New Android malware samples could set record this year, predicts G Data
Android devices are the most popular smartphones by far, beating iPhones by a wide margin. This means that Android devices are finding their way into the enterprise, either via bring your own device policies, programs that supply Android phones for employees or through employees who use Android phones despite corporate smartphone policies.
The influx of Android devices into the corporate environment raises concerns among IT security professionals because of Android OS's shaky security reputation.
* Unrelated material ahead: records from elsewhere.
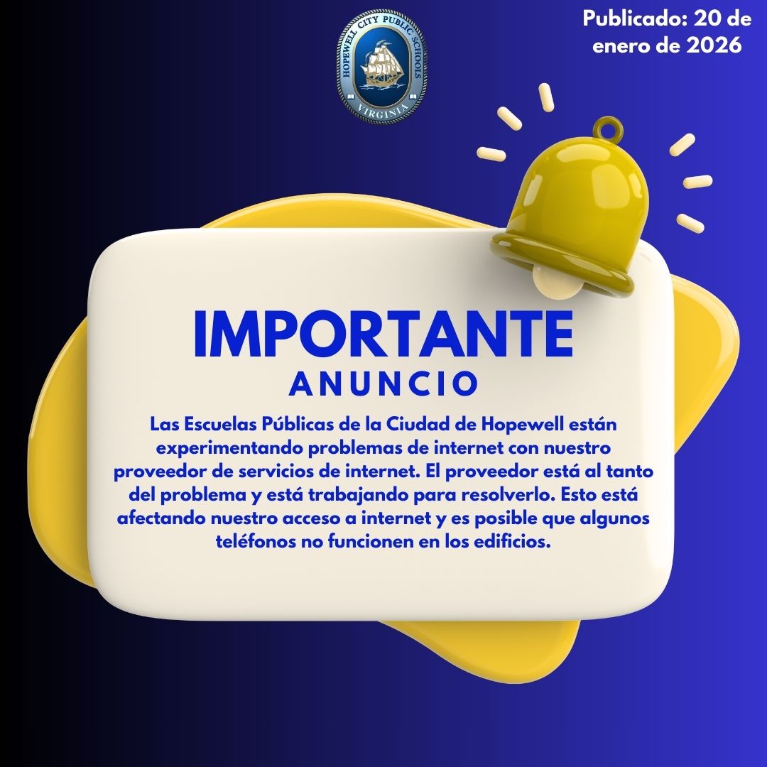 Hopewell City Public Schools is currently experiencing internet issues with our Internet Service Provider. The Provider is aware of the issue and is working to resolve it. This is currently affecting our internet access and some phones may be down at the buildings.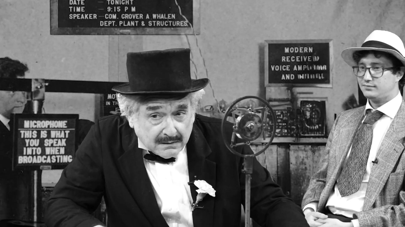 Below is a screenshot of archivist Andy Lanset playing Whalen, with Micah Loewinger as engineer Raymond Asserson, the man who would later build WNYC’s first transmitter from second-hand parts purchased in Brazil.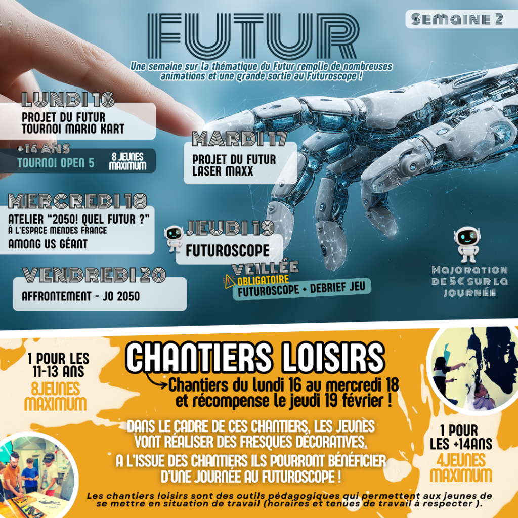 Ouvert de 8h30 à 18h30, l’accueil se fait entre 8h30 et 9h30 le matin et le départ le soir entre 17h30 et 18h30. L’inscription sera à la journée obligatoire afin d’être en cohérence avec le projet pédagogique de la structure. Autour d’un projet, chaque semaine les jeunes seront acteurs de leurs vacances et ils participeront à de nombreuses sorties.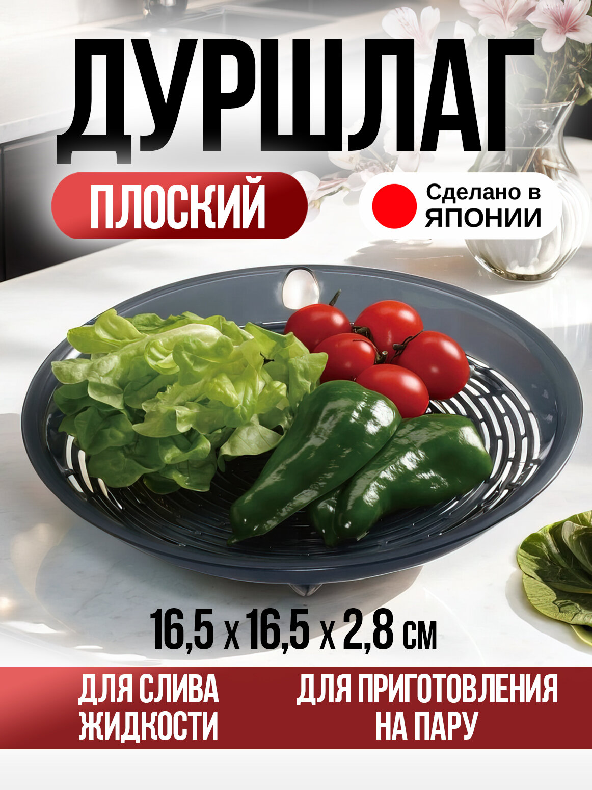 Дуршлаг пластиковый плоский 16.5х16.5х2.8 см информация: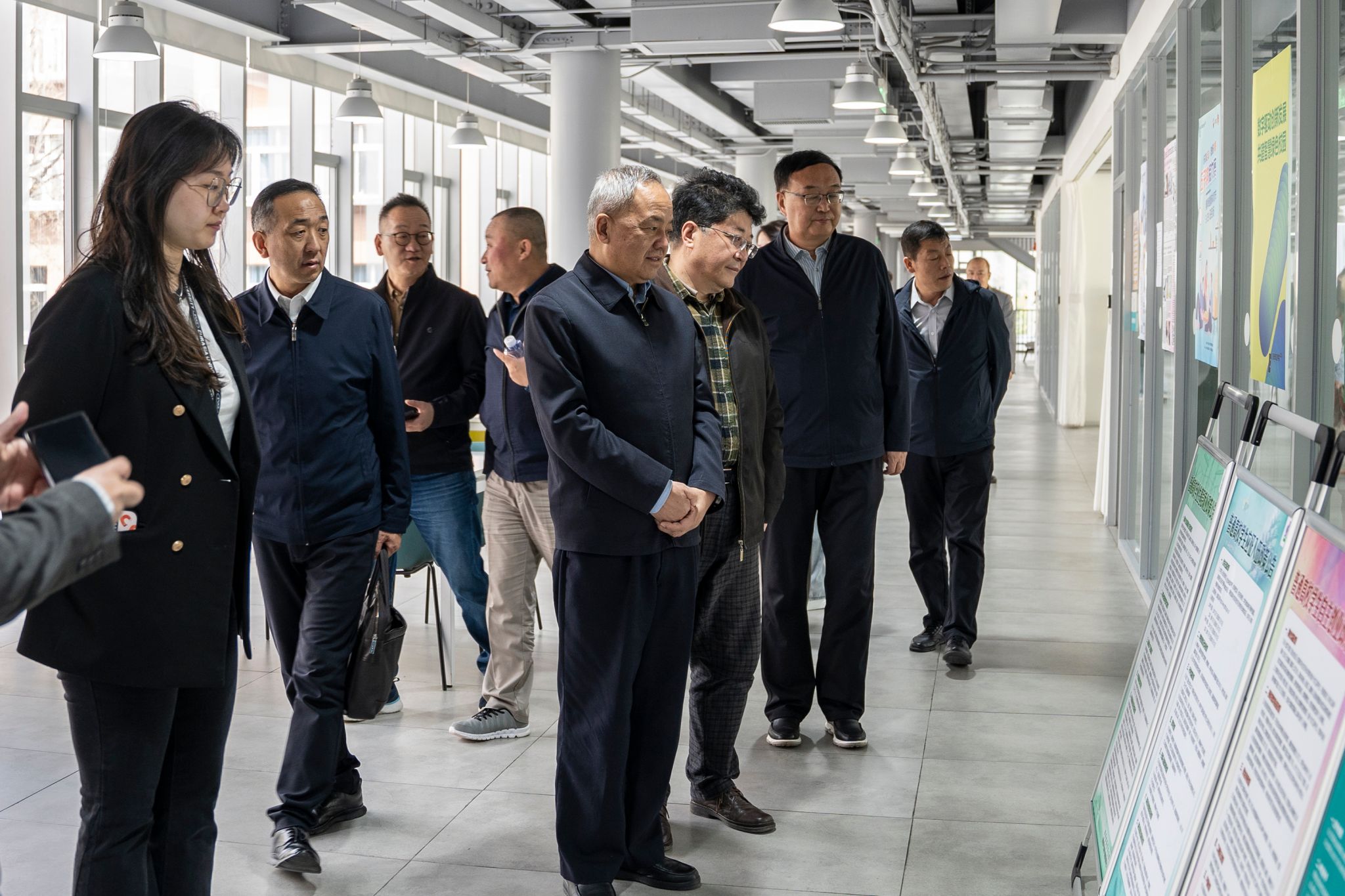 田奎一行实地考察了学校行政中心、设计与媒体实验中心、南区学生客厅、虹桥学生中心和北区教学楼等地,参观了人文教育学院和艾德艺术设计学院学生作品展,观看了文化传媒学院无人机影像工作室制作的航拍宣传片《光影西安》《为国登顶》。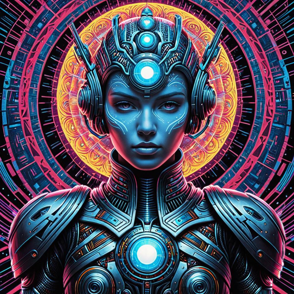 Cybernetic Mayan Female God with Psychedelic Headdress

A new report that antivirus firm G Data released on Tuesday will not ease those concerns.
In its quarterly Mobile Malware Report [.pdf], G Data revealed a 27 percent quarter-over-quarter increase in new malware samples targeting the Android OS for the second quarter of 2015.
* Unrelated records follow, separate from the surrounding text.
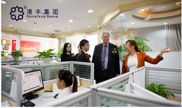 座談會后港豐集團CEO魏曉嶸帶領(lǐng)阿聯(lián)酋哈伊馬角政府投資局董事局總經(jīng)理Mr. Peter-Michael Shuster一行參觀了港豐集團深圳公司辦公區(qū)域。面對深圳港豐一流的辦公環(huán)境Mr. Peter-Michael Shuster感慨的說“我17年前就來過中國,今天的中國變化真是太大了,我喜歡中國,中國是一片充滿機會的熱土。也非常喜歡港豐,港豐是一個國際化品牌公司”
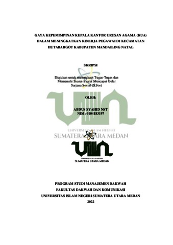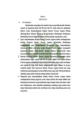 Nst, Abdus Syahid (2022) Gaya Kepemimpinan Kepala Kantor Urusan Agama Untuk Meningkatkan Kinerja Pegawai Di Kecamatan Hutabargot Kabupaten Mandailing Natal. Skripsi thesis, Universitas Islam Negeri Sumatera Utara.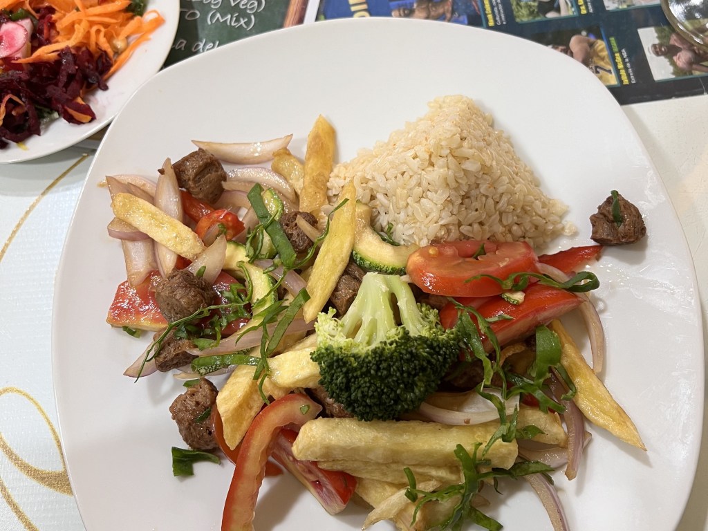 Nach meinem doch etwas anstrengenden Stadtrundgang gab es dann endlich Mittagessen im Loving Hut Vegan. Wie der Name schon verratet werden hier vegane Speisen angeboten. Von solchen Lokalen gibt es in Südamerika nicht viele, aber es gibt sie eben doch. Im Loving Hut Vegan ist die Speisekarte nicht nur ausschließlich vegan, sondern es werden vor allem auch traditionelle Peruanische Gerichte zubereitet, nur ohne Fleisch halt. Für wenig Geld bekommt ihr ein Mittagsmenü mit Suppe, Salat vom Buffet, Hauptspeise und ein kleines Dessert, sowie einem Getränk. Zum Hauptgang gab es für mich Lomo Saltado, ein typisches Gericht, das normalerweise mit Rindfleisch, hier mit Sojafleisch, zubereitet wird. Ist natürlich nicht ganz das selbe, für experimentierfreudige Veganer jedoch eine gute Option.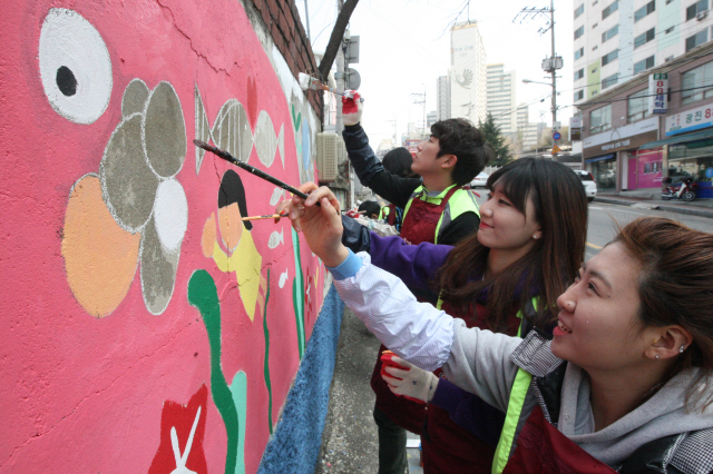 완연한 봄날씨를 보인 15일 전주 중화산동에서 전북 자원봉사 종합센터 회원들이 봄 맞이 벽화그리기 재능나눔 행사를 갖고 있다. 추성수chss78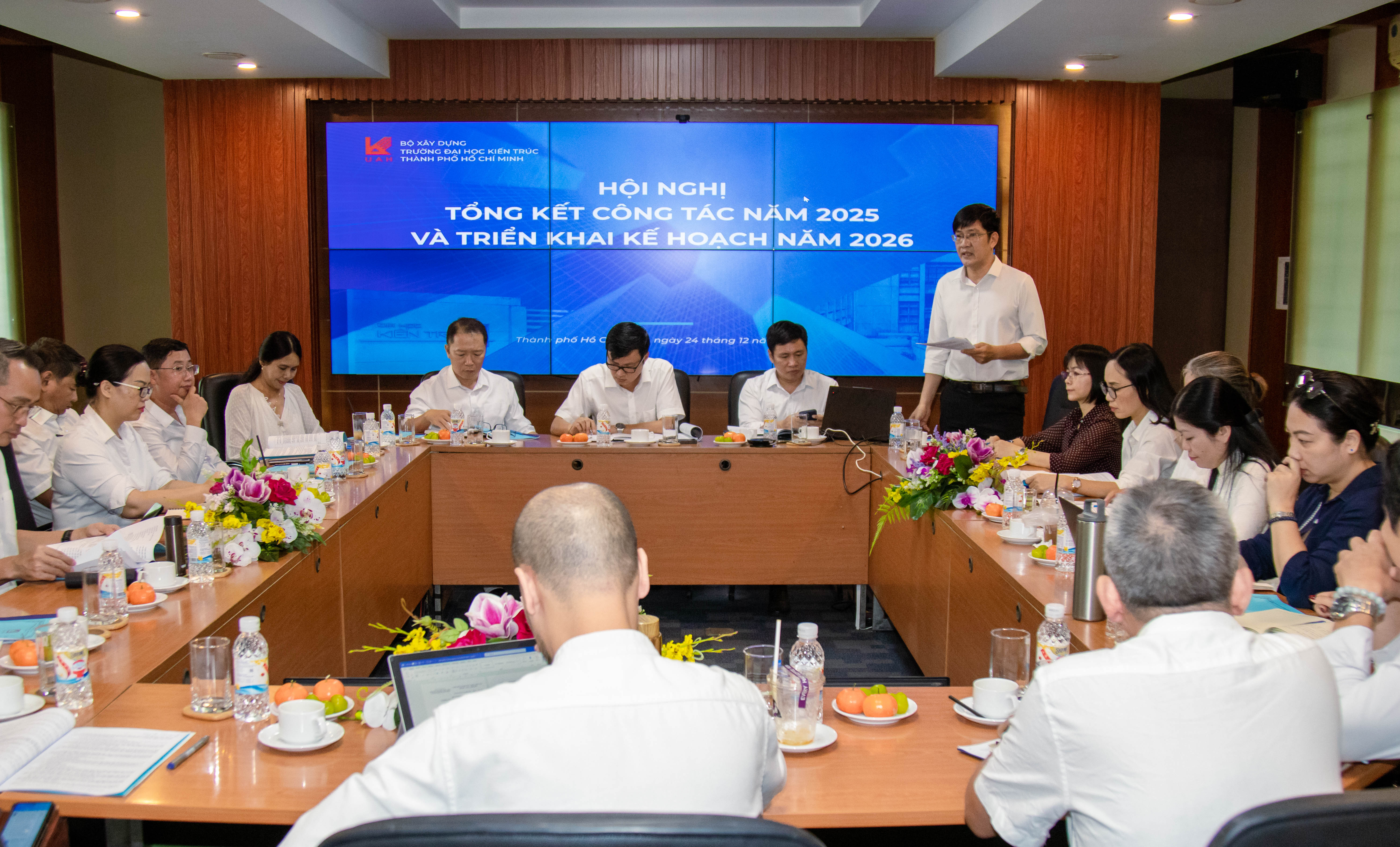 Kết thúc các phiên trình bày và trao đổi, PGS.TS.KTS. Phạm Trọng Thuật - Hiệu trưởng Nhà trường nhận định năm 2026 tiếp tục đòi hỏi sự phối hợp chặt chẽ, kỷ luật trong triển khai kế hoạch và tinh thần trách nhiệm cao của toàn thể các đơn vị. Trên nền tảng những kết quả đạt được trong năm 2025, Nhà trường xác định tiếp tục giữ vững nhịp độ đổi mới, tập trung vào chất lượng, hiệu quả và phát triển bền vững, qua đó từng bước khẳng định vị thế, uy tín và vai trò của Trường trong hệ thống giáo dục đại học cũng như trong đời sống xã hội.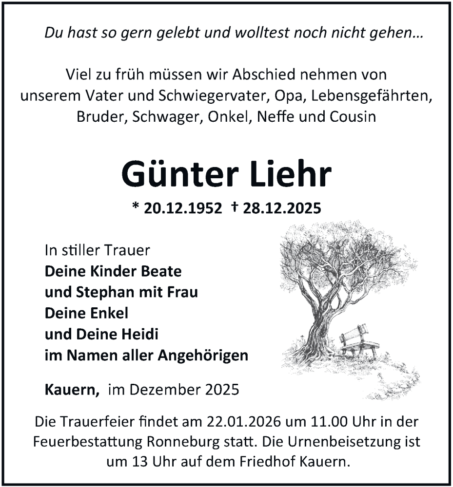 Hier finden Sie alle Traueranzeigen aus der Zeitung, die bisher für Günter Liehr erschienen sind. Weitere Traueranzeigen, die in der Zeitung erscheinen, werden hier ebenfalls aufgelistet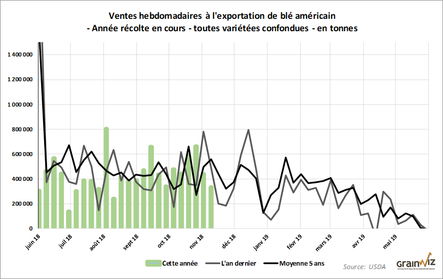 Dans la semaine du 15 novembre dernier, les ventes à l’exportation de tous les types de blé US 2018/2019 ont été de 330 394 tonnes, une baisse de 24,6 % par rapport à la semaine précédente. Il s’agit toutefois d’une augmentation de 65,6 % comparativement à la même période l’an passé. Le Mexique a été le plus gros acheteur avec 112 700 tonnes.

In the first half of 2015, the number of new Android malware samples surpassed the 1 million mark for the first time, an increase of 25 percent from the second half of 2014, according to the G Data report. G Data is predicting that Android malware will surpass 2 million samples for the entire year.
"There has been a rapid increase in malware samples for the Android operating system. They are running around 6,100 new samples per day in the second quarter," Andy Hayter, security evangelist at G Data, told FierceITSecurity. "It is becoming more profitable to do Android malware, and there is a huge target out there."
G Data also uncovered more than 26 new examples of embedded malware in smartphones, primarily made in China. G Data suspects that middlemen are responsible for implanting this malware, so they can steal user data and sell it or engage in malvertising.
"It looks like [the phone] is coming out of the factory with pre-installed malware, when in fact some third party has opened it up, infected it and locked it up again," Hayter said.
"The problem with this type of malware is you can't uninstall it. The malware has been locked into the phone. It can be detected but it cannot be uninstalled unless you unlock your phone, which most people are not going to be doing," he added.